Jared had commented on the only photo I had in my dating profile with one of my kids. Immediate points for Jared. He made a clever little remark about how my 2 year old son was an adorable photo-bomber and continued to keep my attention by asking me questions about things that are integral to who I am all sprinkled with the amount perfect for flirting. The points kept piling up. For two weeks we exchanged five to eight paragraph messages living my Meg Ryan and Tom Hanks You’ve got mail fancy. Some want fancy dinners and eager flirting. Me? Give me all the bouquets of sharpened pencils and immediately show me the depths of your soul, thank you very much.

And while it’s invigorating to get along so well on an interpersonal level, it was even more invigorating to hear him mention that he was looking forward to meeting my kids. Say it again, Jared! The sexiest verbal foreplay, and I’m sure every single mother’s ears. We dated for months and we continue to date.

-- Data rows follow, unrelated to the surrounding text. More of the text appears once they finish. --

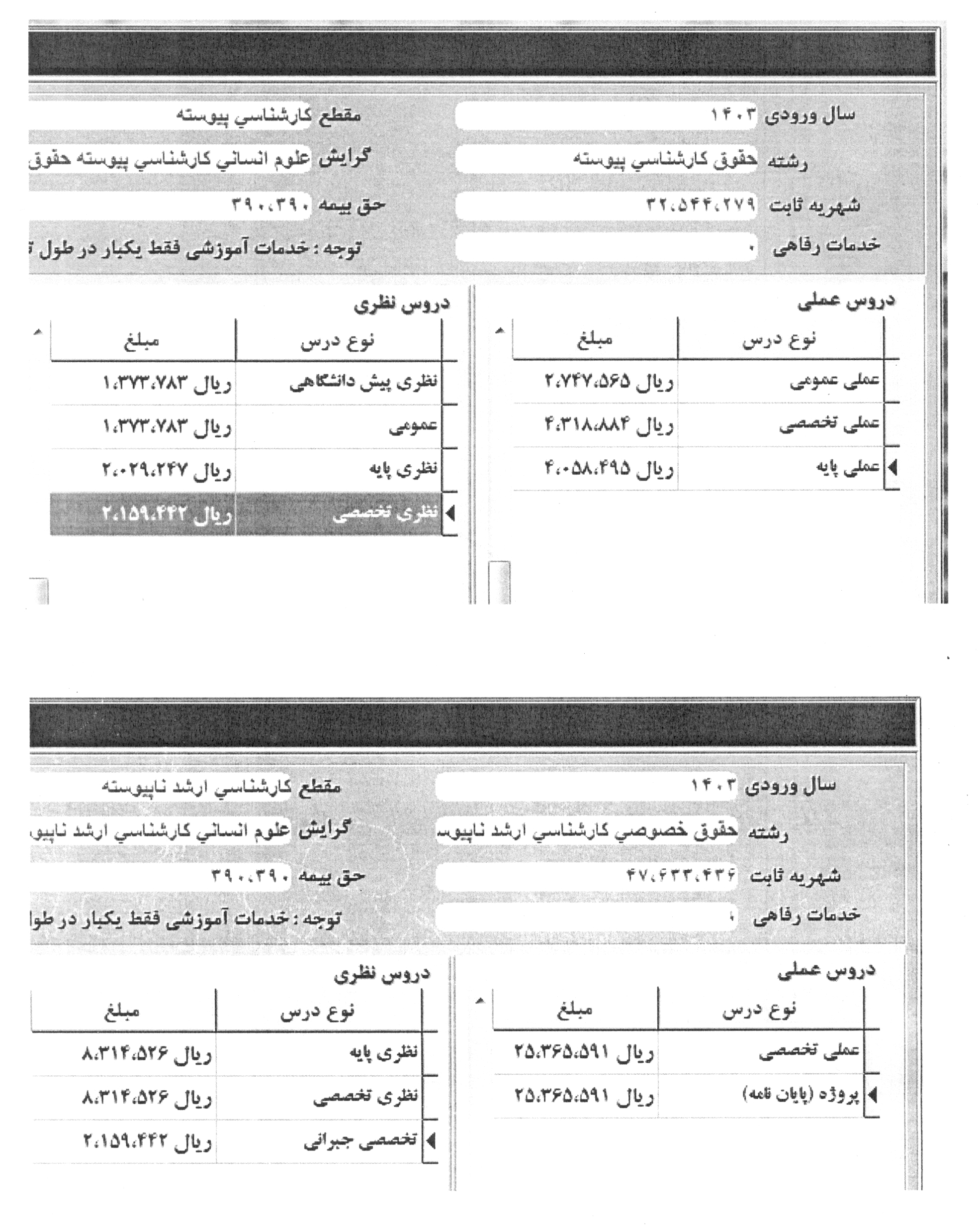 شهریه مقاطع مختلف در سال 1403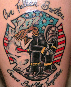 Country: United States Fire Dept: Orchard beach VFD State: Maryland Years on job: 4 Rank: Other Description: Just wanted to pay tribuite to our fallen brothers. Tattoo Location: Right Calf textfield: 2005 Studio: Mead INK |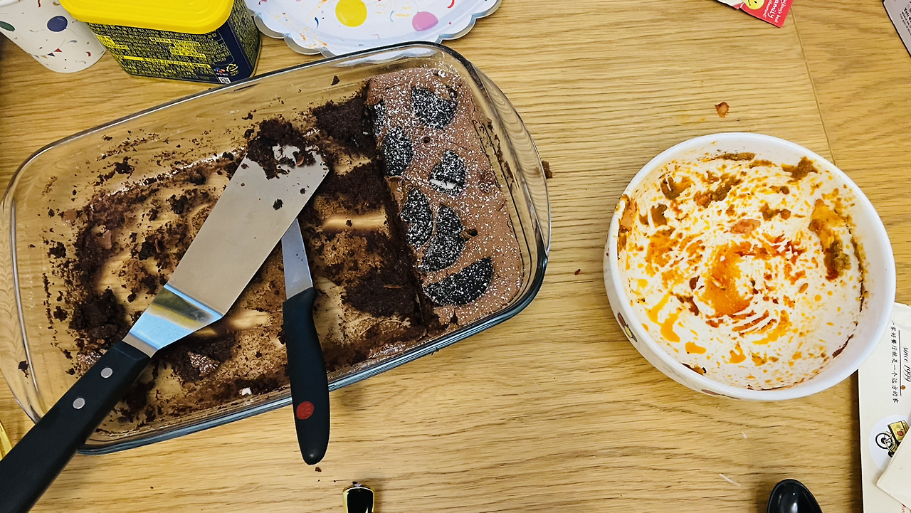 가장 뿌듯했던 건 역시 홈메이드 케이크가 불티나게 팔렸다는 거다. 아들이 가장 기분 좋아했던 순간이기도 하다. 엄마가 자신 없어하며 만든 걸 외국 친구들이 잘 먹었을 때, 자기가 덜어주며 신이 나셨을 모습이 상상된다.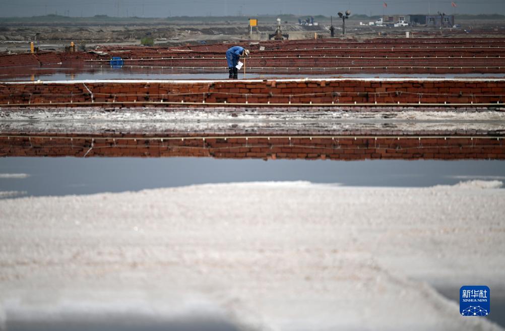 9月6日,在天津長(cháng)蘆漢沽鹽場(chǎng),工人在鹽池中測量鹵水深度。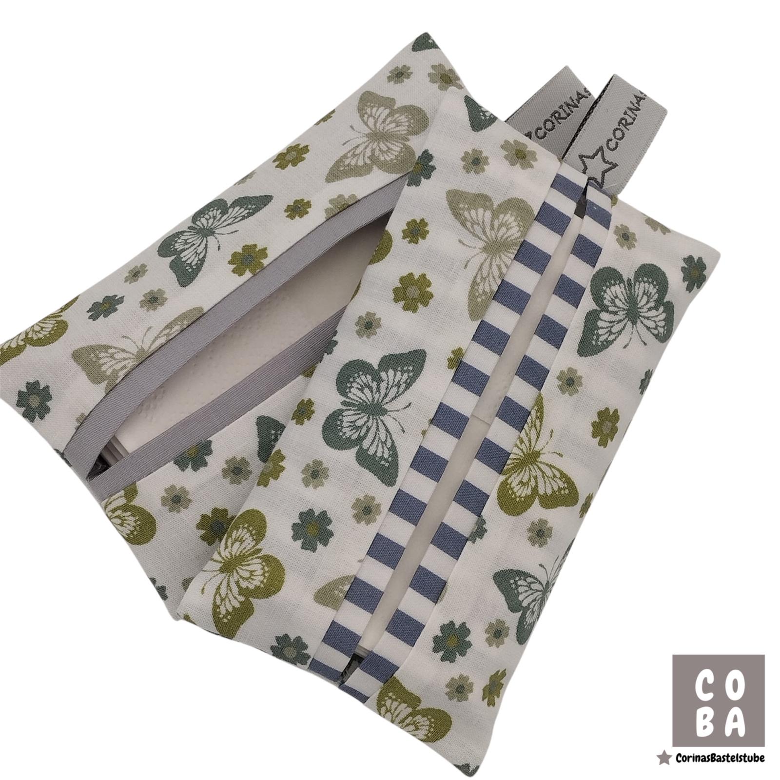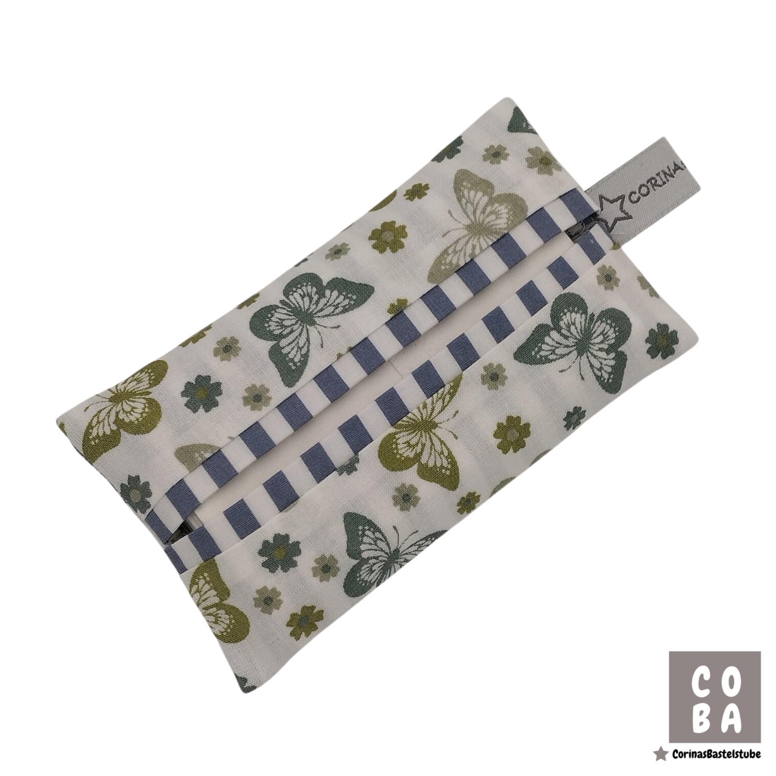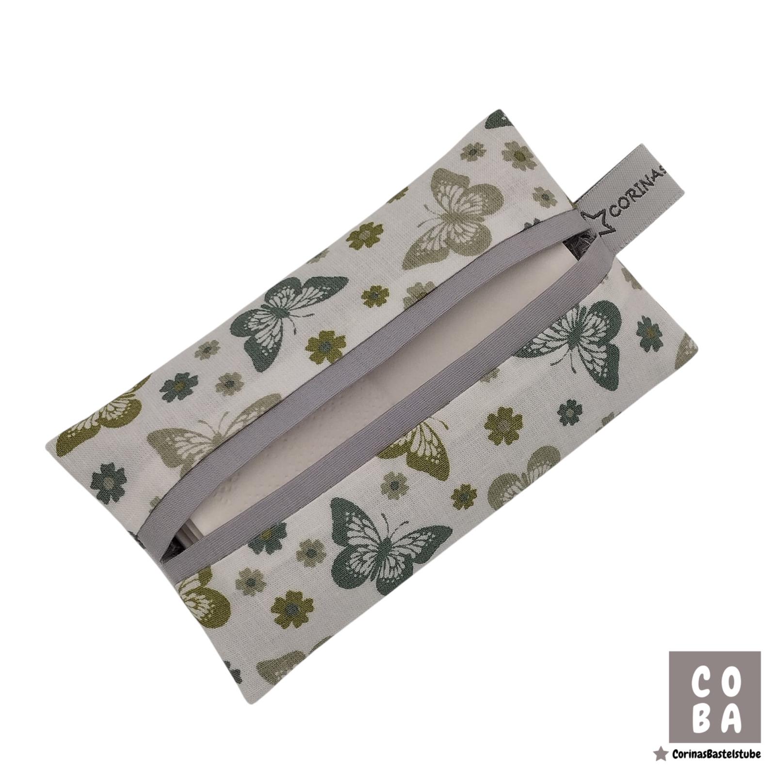 Diese handgefertigte Tatüta ist eine praktische Taschentüchertasche aus 100 % Baumwolle. Weiß in Kombination mit dem verspielten Schmetterlings-Motiv macht sie zu einem hübschen und zugleich nützlichen Alltagsbegleiter.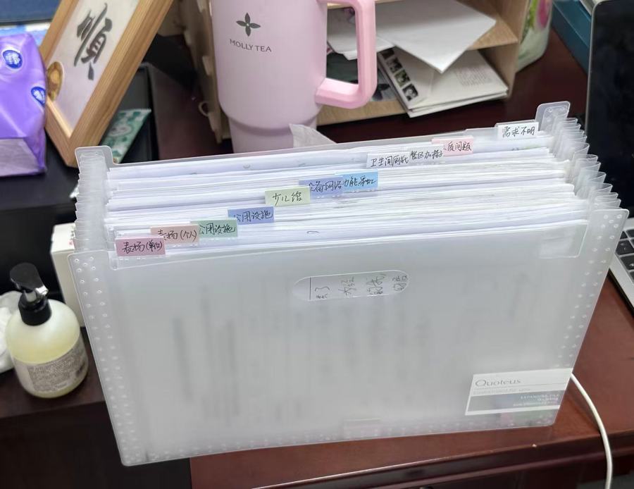一本留言簿写满后,读者的留言会按照几个大类归档,如“噪音问题”“茶水间水质问题”等,某个类别中的意见单页越积越厚,也意味着这个问题不容忽视。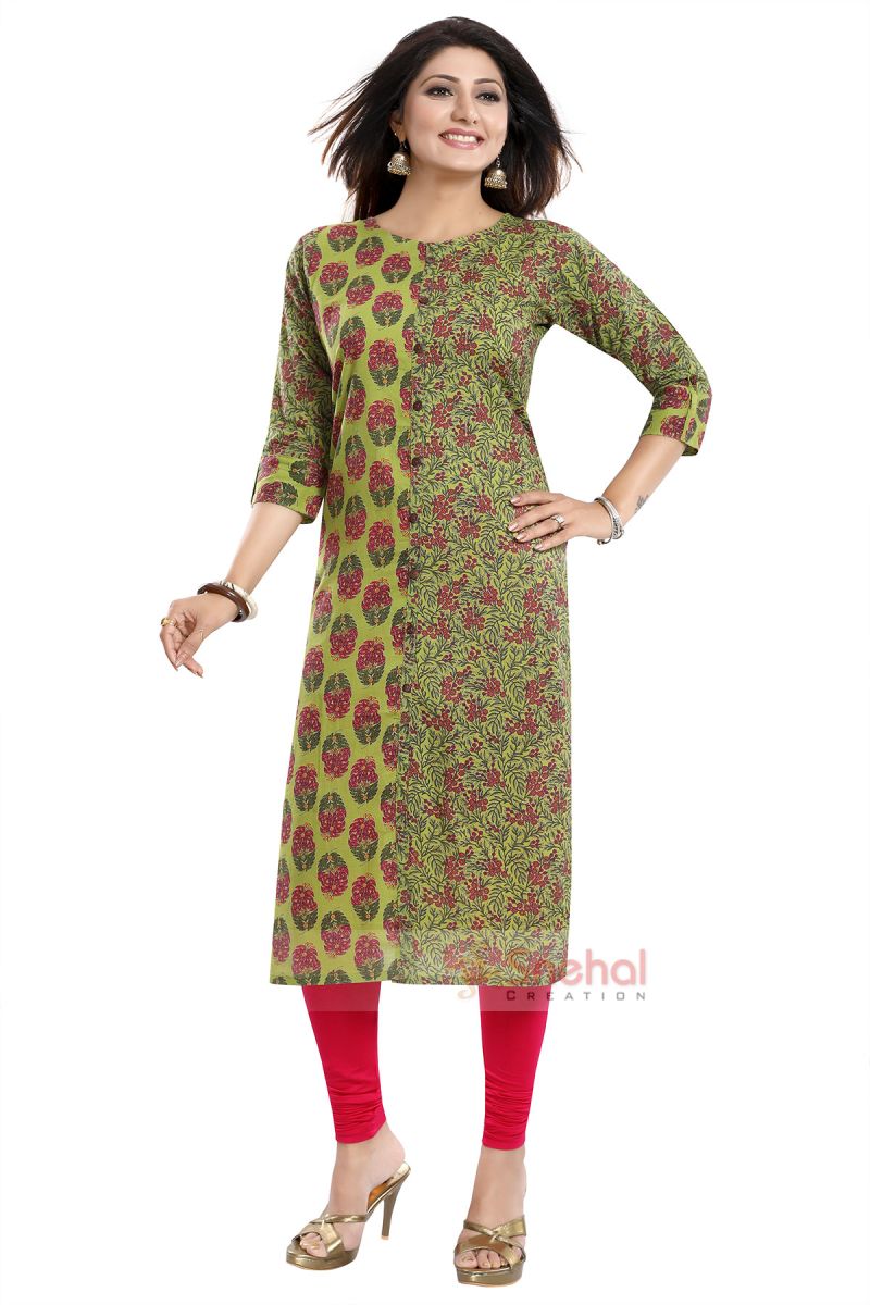A favourable choice for all seasons of the year, this Green Mystique Cotton Printed Front Open Tunic with Wooden Buttons from the house of Snehal Creations steals hearts. This ban collared piece is a modest design with three quarter roll up designer sleeves. The tunic uses two distinctly printed fabrics that look desirable when stacked up against each other. The front open end of the tunic comes decorated with wooden buttons. A contrast pair of leggings will go well with the piece.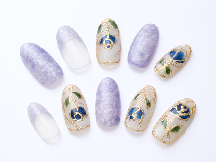 大好きな「青い薔薇」をメインにデザインしました。花言葉は「夢叶う」「奇跡」。どんな時でも希望を持ち、前向きな気持ちになれるよう願いを込めています。花を自分に向けたのは、自分自身にも花を贈ってほしいという想いからです。人は一人では生きていけないからこそ、誰かと手を取り合い、手を繋ぐ姿をイメージして描きました。僕は夢が叶い、OCTPATHというグループに出会えた喜びを胸に、グループカラーである白と紫を花に見立て、これからもファンの皆さまと共に歩んでいけますようにと願いを込めています。そして、このネイルをご覧くださった方にとっても「あなたに出逢えて本当に良かった」と誰かに伝えたくなるきっかけになれば幸いです。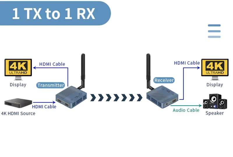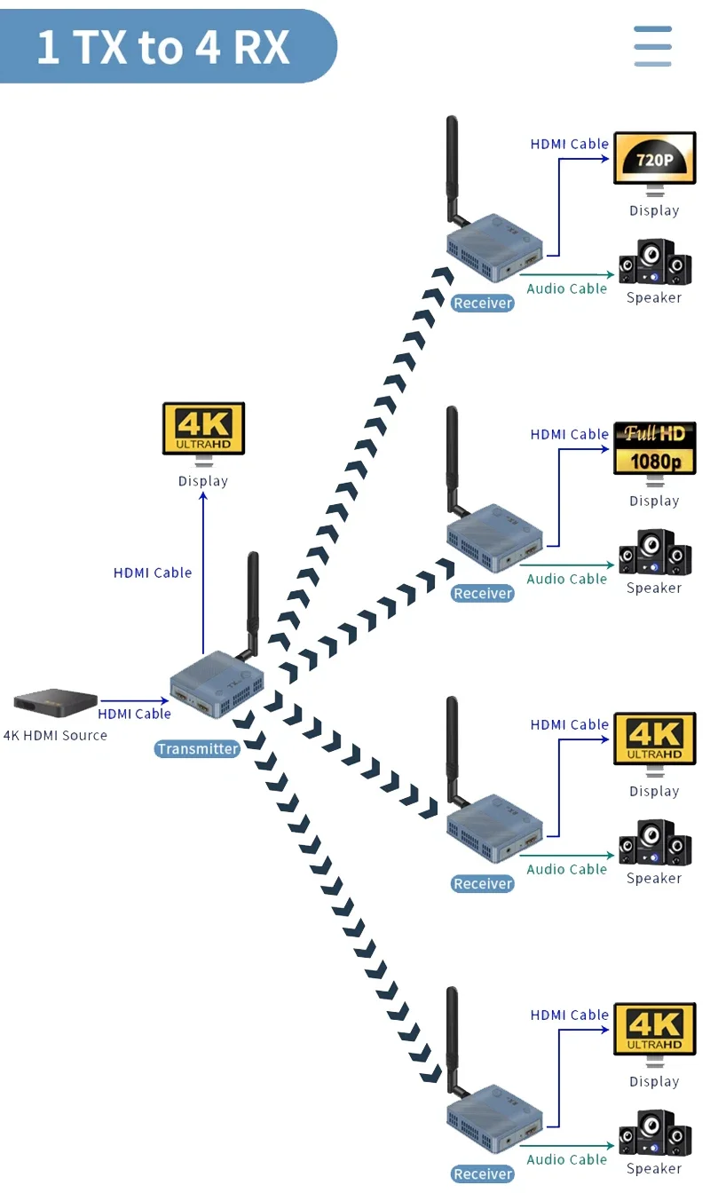 등.1080P 60Hz 또는 4K 30Hz 옵션을 지원하고 HDMI 오디오 및 비디오 동기화 전송을 지원합니다.

We hike in the mountains of Utah, dine at the greatest hot wing joints, attend theater and ballet productions, and snuggle up on the couch watching lost in space or, more recently, a vampire movie about Abe Lincoln (a real winner for sure). We work together and dream of cultivating a more inclusive and accommodating world for neurodivergent children and adults. We play with our children together, imagining what the mix of our little families would be like. We laugh at them and with them. We laugh at each other and at each other. And at the end of the day, we both go home. Jared to Jared. Meg to Meg. And so far, it’s been damn great. It’s damn healthy, and I don’t take it for granted.

Meg Raby is a mom, My Brother Otto children’s author, and autistic living in Salt Lake City where you can find her playing and working with neurodivergent children as a speech pathologist and friend, or writing and planning big things in the second stand at his local cafe that overlooks the Wasatch Mountains while sipping his Americano. Meg believes that the essence of life is understanding, loving and welcoming others (i.e. caring about humans).